A single function ties everything together: load audio, transcribe, align, analyze, display and export. You can call it on a sample file or your own audio, switch to a larger model for improved accuracy, or toggle batch mode.

def process_audio_file(audio_path, show_output=True, analyze=True):
   """Complete WhisperX pipeline"""
   if show_output:
       print("="*70)
       print(" WhisperX Advanced Tutorial")
       print("="*70)
  
   audio, duration = load_and_analyze_audio(audio_path)
  
   result = transcribe_audio(audio, CONFIG["model_size"], CONFIG["language"])
  
   aligned_result = align_transcription(
       result["segments"],
       audio,
       result["language"]
   )
  
   if analyze and show_output:
       analyze_transcription(aligned_result)
       extract_keywords(aligned_result)
  
   if show_output:
       print("\n" + "="*70)
       print(" TRANSCRIPTION RESULTS")
       print("="*70)
       df = display_results(aligned_result, show_words=False)
      
       export_results(aligned_result)
   else:
       df = None
  
   return aligned_result, df


# Example 1: Process sample audio
# audio_path = download_sample_audio()
# result, df = process_audio_file(audio_path)
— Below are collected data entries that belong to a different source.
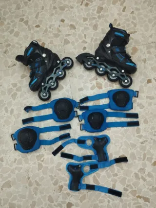 Set de patines en línea ajustables para niños, ideal para iniciarse en el patinaje. Incluye protecciones. - Patines ajustables en talla. - Incluye casco, rodilleras, coderas y muñequeras. - Color azul y negro. Talla 30-33,vienen grandes.
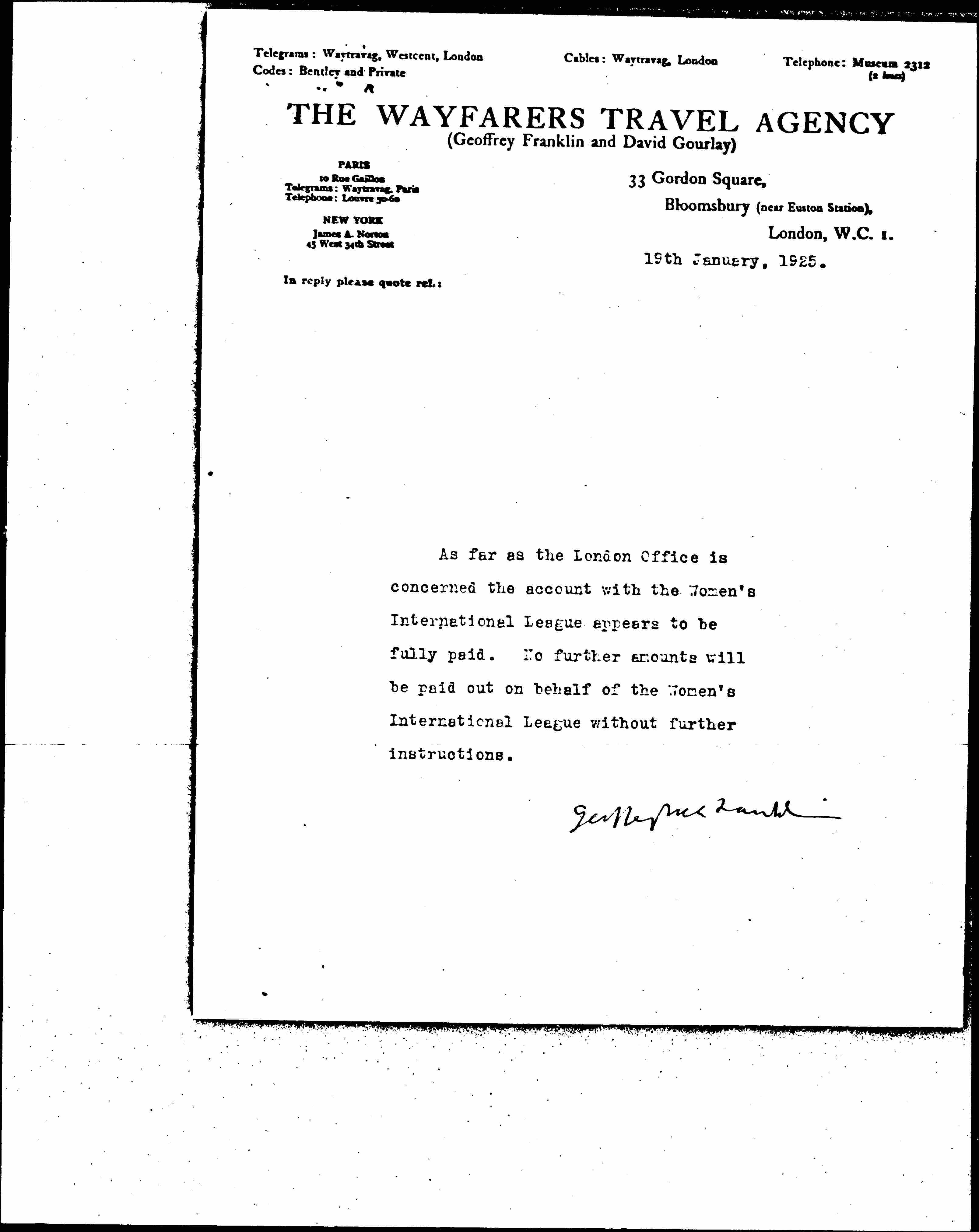 As far as the London Office is concerned the account with the Women's International League appears to be fully paid. No further accounts will be paid out on behalf of the Women's International League without further instructions.
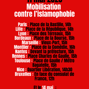 Suite à l’assassinat islamophobe d’Aboubacar Cissé dans une mosquée du Gard le 25 avril dernier, des marches contre l’islamophobie sont organisées dans une dizaine de villes en France le dimanche 11 mai 2025. A Toulouse, le Secours Rouge participera à la manifestation au départ de la place De Gaulle (métro Bagatelle) dès 15H.
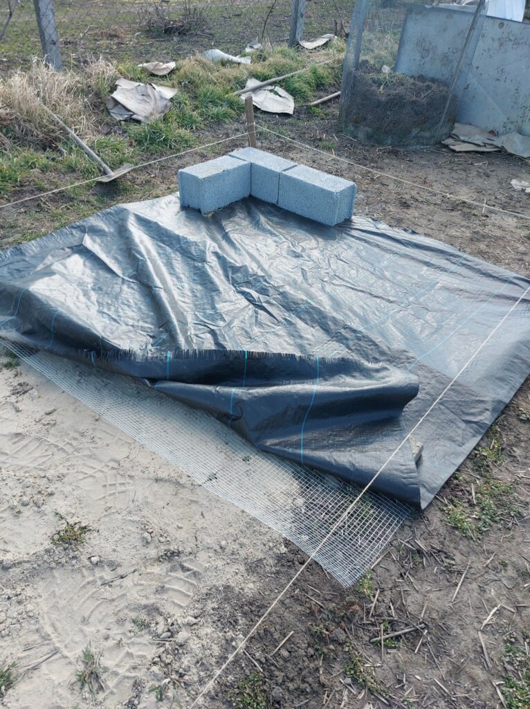 1) Za lokaciju bazena birajte mesto koje je zaklonjeno i gde po mogućnosti ima hladovine. Ako nemate – nema veze. Može i na čistini. Za početak je potrebno je da dole postavite rabic mrežu sa okcima od 9 do 19 mm. Mreža će služiti kao zaštita od krtica. Širina bazena treba biti maksimalno 140 cm zbog lakšeg baratanja sa vilama da vas leđa ne bole ili 100 cm ako imate prilaz samo sa jedne strane. Dužina – po vašoj želji. Preko mreže postavite agrotekstil foliju koja propušta vlagu. Ona će vam služiti kao dodatna zaštita od krtica jer će fizički odvojiti gliste od zemlje pa će ih krtica teže pronaći. Istovremeno će vam pri vađenju glistenjaka biti lakše lopatanje da lopata ne zapinje za žicu. Potrebno je da je bazen na nekom malom nagibu da višak vode može da otiče, a ako nemate nagib napravite ga tako što ćete pre postavljanja žice sredinom bazena nasuti peska ili zemlje tako da voda može da se sliva sa obe strane kad postavite žicu i agrotekstil. Agrotekstil možete kupiti u svim prodavnicama poljoprivredne opreme. Cena je oko 100 dinara/m2. Rabic mrežu imate u prodavnicama alata i stovarištima a cena je oko 250-400 dinara/m2 zavisno od prodavnice i dimenzija. Naravno, može i neka druga žičana mreža koja nema okca veća od 2 cm.
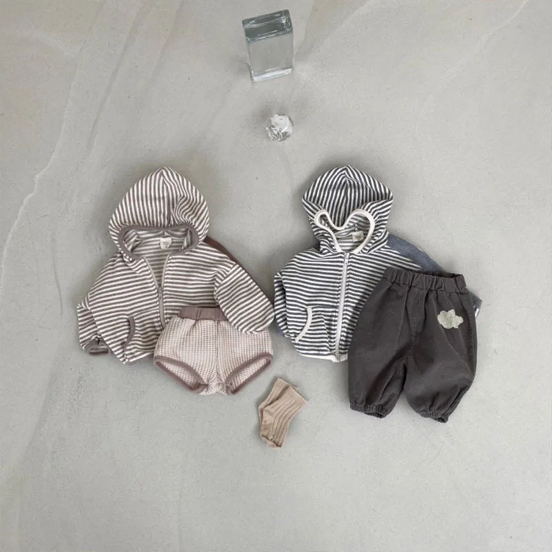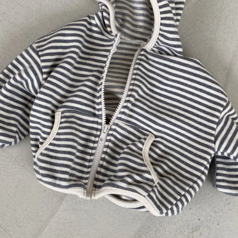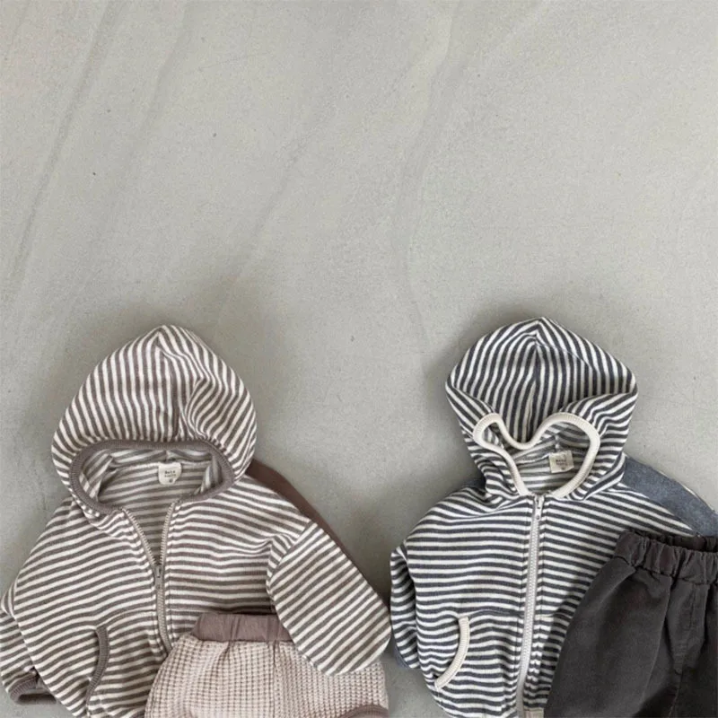 2025 Nuovo bambino autunno cappotto con cappuccio giacca in cotone a righe per bambini manica lunga bambini abbigliamento casual bambini ragazzi ragazze felpa con cappuccio 12025 Nuovo bambino autunno cappotto con cappuccio giacca in cotone a righe per bambini manica lunga bambini abbigliamento casual bambini ragazzi ragazze felpa con cappuccio
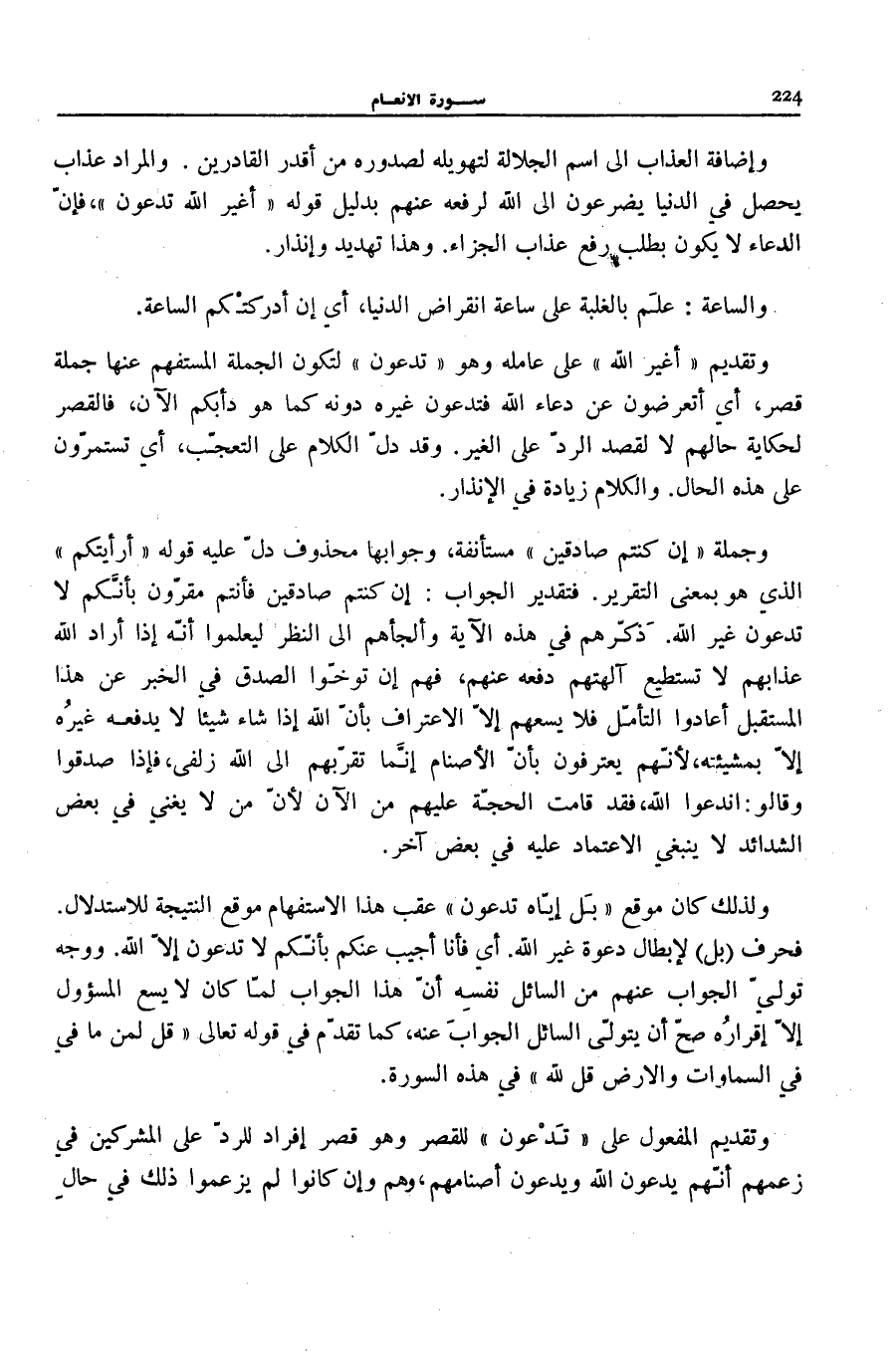 وَتَقْدِيمُ أَغَيْرَ اللَّهِ عَلَى عَامِلِهِ وَهُوَ تَدْعُونَ لِتَكُونَ الْجُمْلَةُ الْمُسْتَفْهَمُ عَنْهَا جُمْلَةَ قَصْرٍ، أَيْ أَتُعْرِضُونَ عَنْ دُعَاءِ اللَّهِ فَتَدْعُونَ غَيْرَهُ دُونَهُ كَمَا هُوَ دَأْبُكُمُ الْآنَ، فَالْقَصْرُ لِحِكَايَةِ حَالِهِمْ لَا لِقَصْدِ الرَّدِّ عَلَى الْغَيْرِ. وَقَدْ دَلَّ الْكَلَامُ عَلَى التَّعَجُّبِ، أَيْ تَسْتَمِرُّونَ عَلَى هَذِهِ الْحَالِ. وَالْكَلَامُ زِيَادَةٌ فِي الْإِنْذَار.
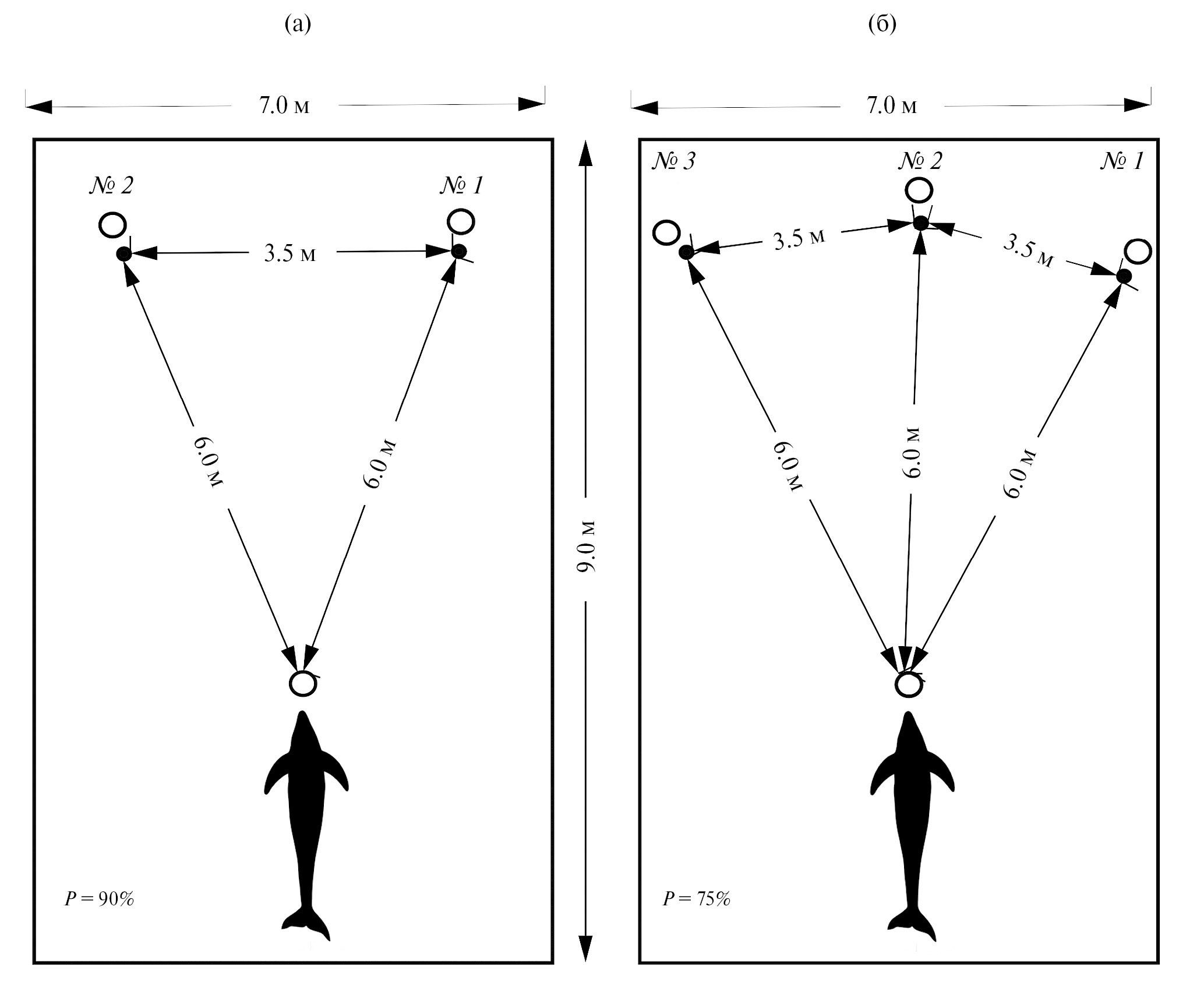 На следующем этапе исследования, после адаптации животных к усложнению задачи и оценки эффективности их работы в условиях альтернативного пространственного выбора на фоне шумовой помехи, пространственная неопределенность была увеличена введением третьей пары сигнального и помехового гидрофонов, расположенных на том же расстоянии и с таким же разнесением относительно предыдущих пар гидрофонов (рис. 2б). Дельфин должен был идентифицировать источник сигналов положительного класса, которые могли подаваться в случайном порядке на любой из трех расположенных в вольере сигнальных гидрофонов при одновременной подаче на другие сигнальные гидрофоны шумов отрицательных классов.
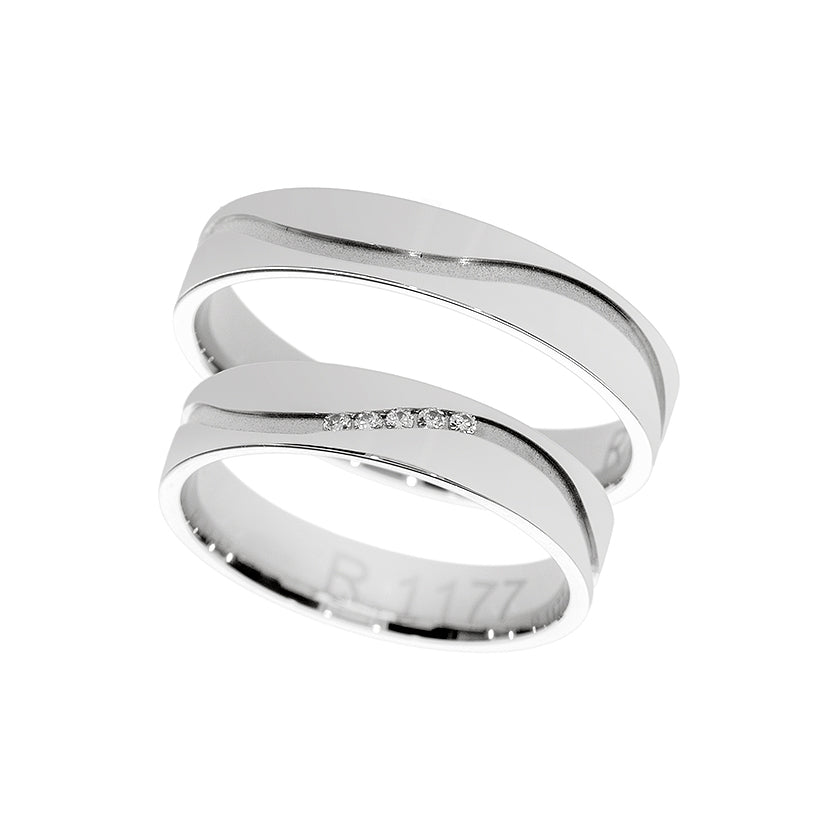 Snubní prsten z bílého zlata se zakřivenou matnou linií

# Example 2: Show word-level details
# result, df = process_audio_file(audio_path)
# word_df = display_results(result, show_words=True)


# Example 3: Process your own audio
# audio_path = "your_audio.wav"  # or .mp3, .m4a, etc.
# result, df = process_audio_file(audio_path)


# Example 4: Batch process multiple files
# audio_files = ["audio1.mp3", "audio2.wav", "audio3.m4a"]
# results = batch_process_files(audio_files)


# Example 5: Use a larger model for better accuracy
# CONFIG["model_size"] = "large-v2"
# result, df = process_audio_file("audio.mp3")


print("\n Setup complete! Uncomment examples above to run.")

This recipe provides a flexible, memory-conscious workflow for transcription, alignment, analysis, and export. Use the provided functions as building blocks for integration into data pipelines, subtitle generation, or audio analytics systems.